1. Protein Misfolding and Aggregation:
   * In neurodegenerative diseases, specific proteins undergo misfolding, adopting abnormal conformations that render them prone to aggregation.
   * The misfolded proteins aggregate to form insoluble structures, such as plaques or inclusion bodies.
2. Common Proteins Involved:
   * Different neurodegenerative diseases are associated with the aggregation of specific proteins. For example:
   * Alzheimer’s disease is characterized by the aggregation of beta-amyloid and tau proteins.
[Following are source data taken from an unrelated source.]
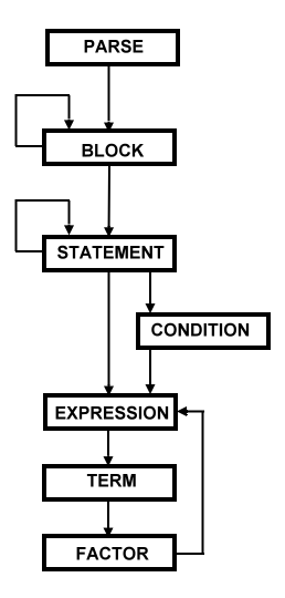 Die Aufrufbeziehungen der Unterprogramme im Parser spiegeln die Struktur der EBNF-DEfinition von DOIT wider und sind hier noch einmal skizziert.
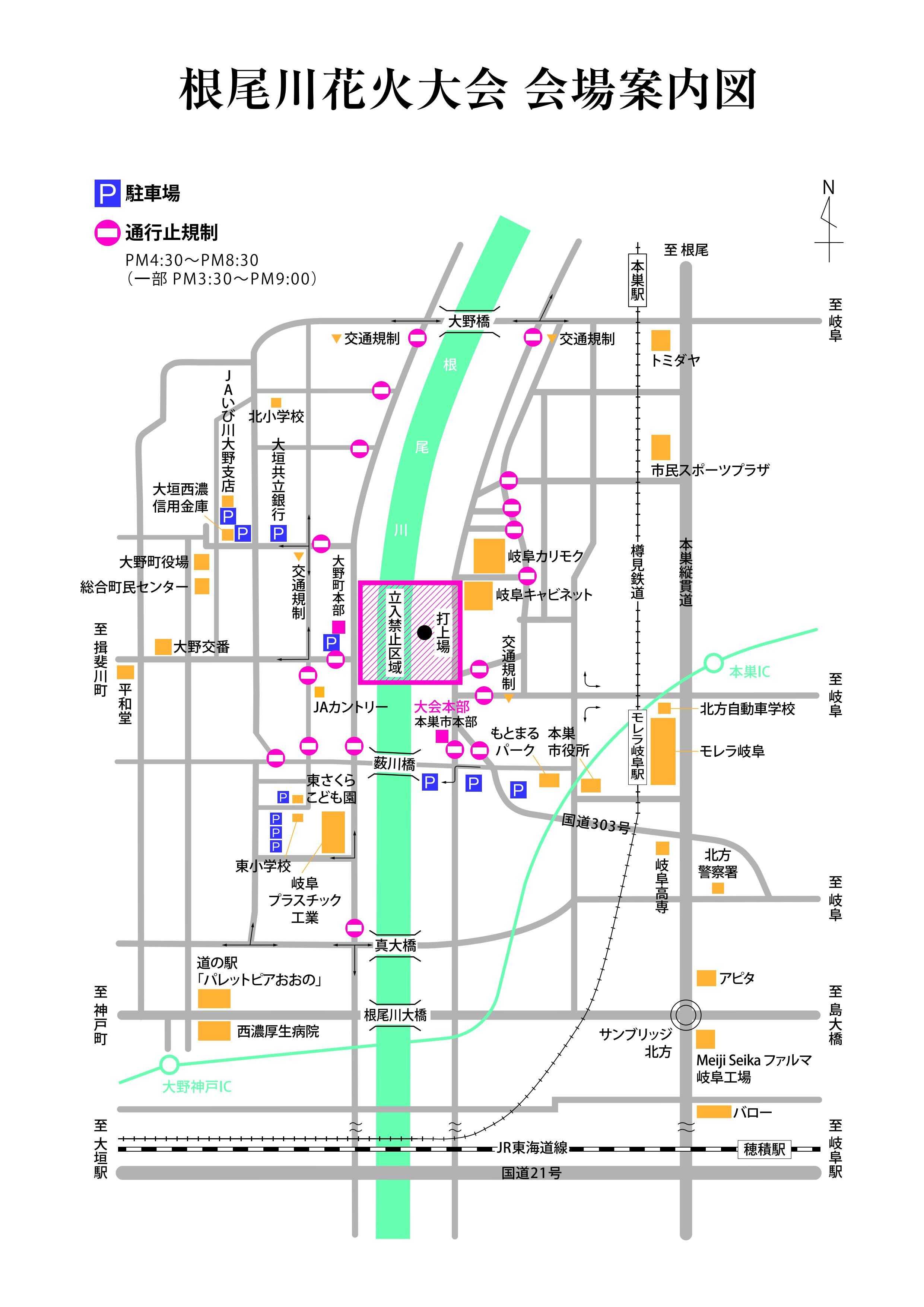 〇交通規制時間は午後4時から午後8時30分です。 (堤防道路の一部は午後3時30分から午後9時00分)
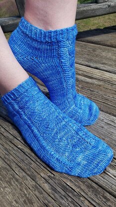 Roaring Fork is a stream in one of my favorite places: the Great Smoky Mountains in Tennessee. The delicate flowing pattern on these socks reminds me of the rushing rapids of Roaring Fork. They are knit top down, with a German Short Row heel and a rounded toe. They are designed as ankle socks, but are easy to lengthen. This pattern is written using magic loop, but you can use whatever small circumference method you prefer!
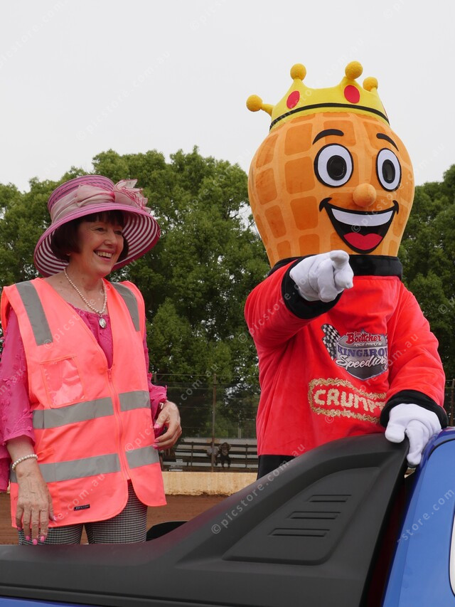 Mayor Kathy Duff with Kingaroy Speedway mascot all smiles at the Stephen Wheeler Memorial race meet. 516251_16
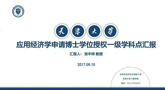 从2017年端午节开始,全力以赴投入申报应用经济学一级学科博士点,几乎实质性的东西都是亲自操刀、反复核实,汇报的PPT反复演练,2017年9月10日教师节参加了天津市组织的天津市高校申请教育部经管类学科硕、博士点评审答辩。
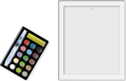 De set bevat: 2 afbeeldingen, een palet met verfjes, een navulbare penseel en een lijst.
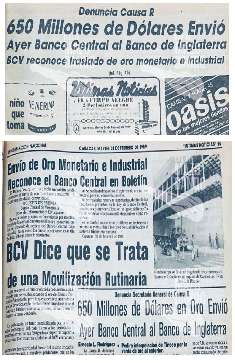 - En medio de una oleada de protestas estudiantiles, ocasionadas por el anuncio del paquetazo neoliberal, Carlos Andrés Pérez (CAP) ordenó, bajo la aplicación de estrictas medidas de represión policial, el primer embarque de ocho toneladas de oro de las bóvedas del Banco Central de Venezuela (BCV) con destino a las bóvedas del Banco de Inglaterra.
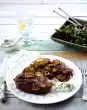 For the steaks, wash the herbs and shake dry. Pluck off needles or leaves and chop finely. Mix with lemon peel and 2 tablespoons of oil. Season with salt and pepper. Dab the meat dry and rub with the herb oil.
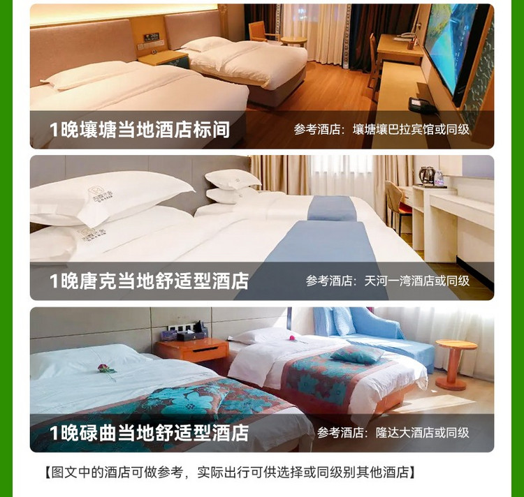3、 行程中的所列的酒店类型,2星/2钻=经济型;3星/3钻=舒适型;4星/4钻=高档型;5星/5钻=豪华型;意为评定或条件到达相应标准的酒店,少部分地区,由于政策等因素,可能存在酒店条件满足,但未进行星钻评定的情况;
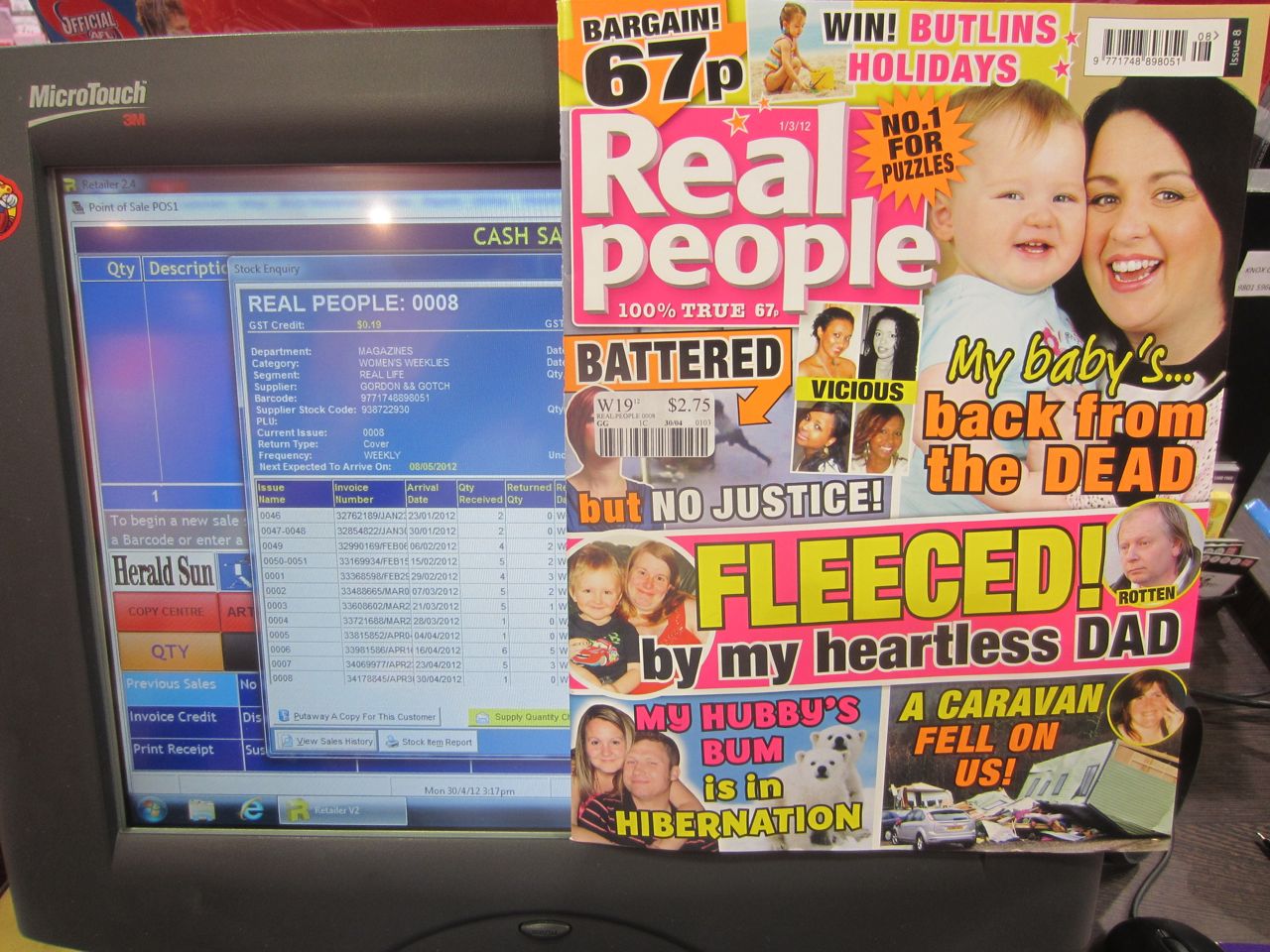 Gordon and Gotch recently cut our supply of Real People magazine as I blogged here. We had the former supply reinstated. Now, the experts at Gotch have cut us back again – denying us certain sales of a popular title. Click on the image for details of what Gotch has done by way of manual intervention to our supply of this title.

   * Parkinson’s disease involves the aggregation of alpha-synuclein.
   * Huntington’s disease is associated with the aggregation of mutant huntingtin protein.
3. Toxicity of Protein Aggregates:
   * The accumulation of protein aggregates can have toxic effects on neurons.
   * These aggregates may disrupt cellular processes, interfere with normal protein degradation mechanisms, and induce cellular stress.
4. Impaired Proteostasis:
   * Proteostasis refers to the maintenance of proper protein folding, trafficking, and degradation within cells.
   * Protein aggregates can overwhelm the cellular proteostasis machinery, leading to the accumulation of misfolded proteins and further exacerbating cellular dysfunction.
5. Neuronal Dysfunction and Death:
   * The presence of protein aggregates is often associated with synaptic dysfunction and impaired neuronal function.
   * Over time, the continued accumulation of aggregates can lead to neuronal death, contributing to the progressive nature of neurodegenerative diseases.
6. Spread of Aggregates:
   * In some neurodegenerative diseases, there is evidence that misfolded proteins can spread from cell to cell.
   * This spreading mechanism may contribute to the progressive nature of the diseases, as aggregates propagate through interconnected regions of the nervous system.
7. Inflammatory Response:
   * The presence of protein aggregates can trigger an inflammatory response in the brain.
   * Inflammation is thought to contribute to the progression of neurodegenerative diseases and may exacerbate neuronal damage.